[Collection entries]
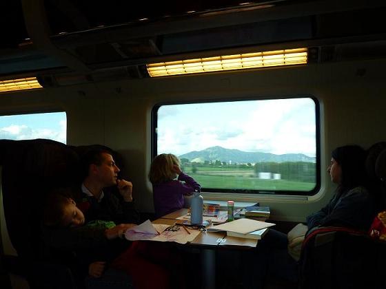電車内は4つの座席が向かい合っていて真ん中にテーブルがありました。- 旅行時期
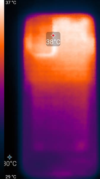 Нагрев выше в верхней части аппарата, что, видимо, соответствует расположению микросхемы SoC. По данным теплокамеры, максимальный нагрев составил 38 градусов (при температуре окружающего воздуха в 24 градуса), это не очень много.
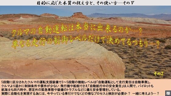 目的に応じた本質の捉え方と、その使い方フリートーク講座。今回は “クルマの自動運転は本当にできるのか…? 単なる走行制御のレベルだけで決めているつもり…?” 〖その2(後編)〗です。既に国土交通省からは「自動運転の定義及び政府目標」や「自動運行装置の保安基準等の概要」が出され、更にメディアでは...
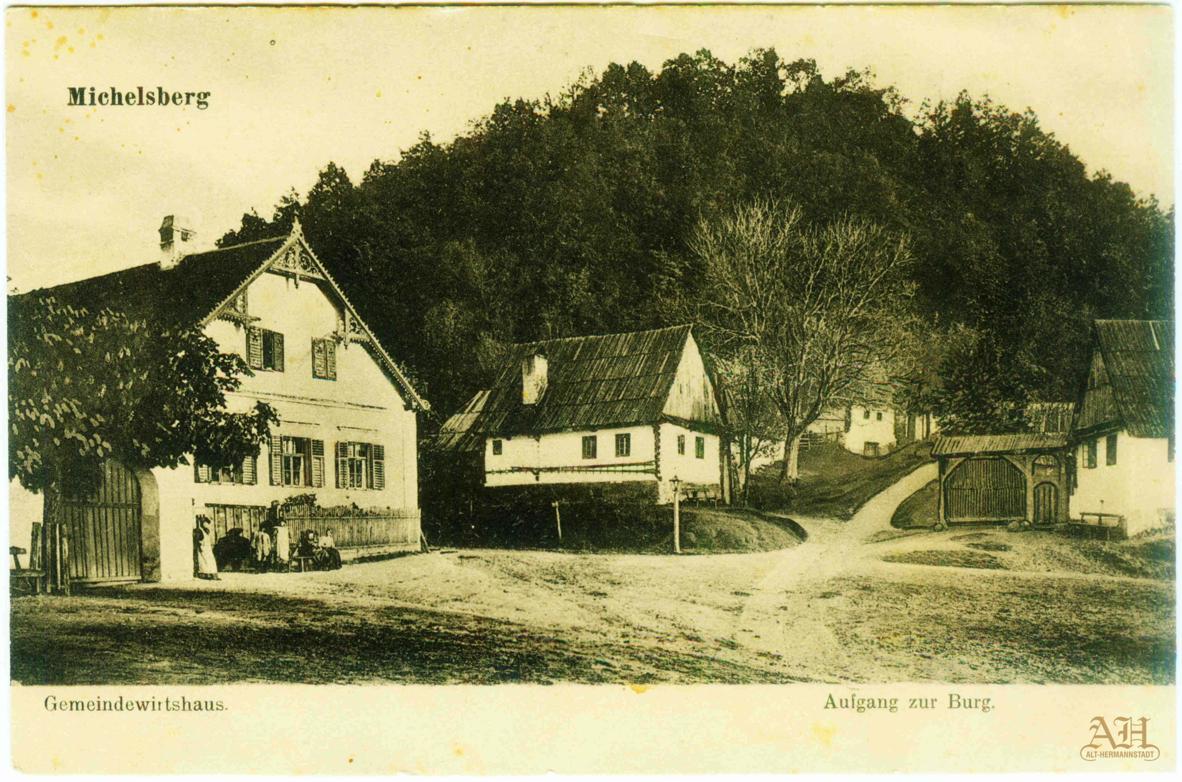 Carte poștală din perioada interbelică, realizată la editura lui Georg Meyer și distribuită la libraria din Piața Mare nr. 10. Pe față este inscriptionață cu textul: „Michelsberg – Gemeindewirtshaus – Aufgang zur Burg“ // Cisnădiaora – Cârciuma satului – Urcarea spre cetate (biserica fortificată). Pe verso se află textul: Verlag von Georg Meyer, Buchhandlung, Hermannstadt. (carte poștală din arhiva personală)
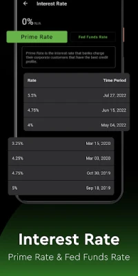 Within our app you can also find the latest Prime Rate or even the Fed Funds Rate released by Federal Reserve and Central Bank. Prime Rate is the interest rate that banks charge their corporate customers that have the best credit profile. Generally, prime rate is about 3 percent higher than the federal funds rate. Federal Funds Rate is the central interest rate in the U.S. financial market. Federal Funds Rate, set by the Federal Open Market Committee (FOMC), is the starting point at which the Prime Rate is determined.

● EXERCISE:
Your answer must be an exact repeat of the records above, with no pictures in it.

● WORKED SOLUTION:
電車内は4つの座席が向かい合っていて真ん中にテーブルがありました。- 旅行時期
 Нагрев выше в верхней части аппарата, что, видимо, соответствует расположению микросхемы SoC. По данным теплокамеры, максимальный нагрев составил 38 градусов (при температуре окружающего воздуха в 24 градуса), это не очень много.
 目的に応じた本質の捉え方と、その使い方フリートーク講座。今回は “クルマの自動運転は本当にできるのか…? 単なる走行制御のレベルだけで決めているつもり…?” 〖その2(後編)〗です。既に国土交通省からは「自動運転の定義及び政府目標」や「自動運行装置の保安基準等の概要」が出され、更にメディアでは...
 Carte poștală din perioada interbelică, realizată la editura lui Georg Meyer și distribuită la libraria din Piața Mare nr. 10. Pe față este inscriptionață cu textul: „Michelsberg – Gemeindewirtshaus – Aufgang zur Burg“ // Cisnădiaora – Cârciuma satului – Urcarea spre cetate (biserica fortificată). Pe verso se află textul: Verlag von Georg Meyer, Buchhandlung, Hermannstadt. (carte poștală din arhiva personală)
 Within our app you can also find the latest Prime Rate or even the Fed Funds Rate released by Federal Reserve and Central Bank. Prime Rate is the interest rate that banks charge their corporate customers that have the best credit profile. Generally, prime rate is about 3 percent higher than the federal funds rate. Federal Funds Rate is the central interest rate in the U.S. financial market. Federal Funds Rate, set by the Federal Open Market Committee (FOMC), is the starting point at which the Prime Rate is determined.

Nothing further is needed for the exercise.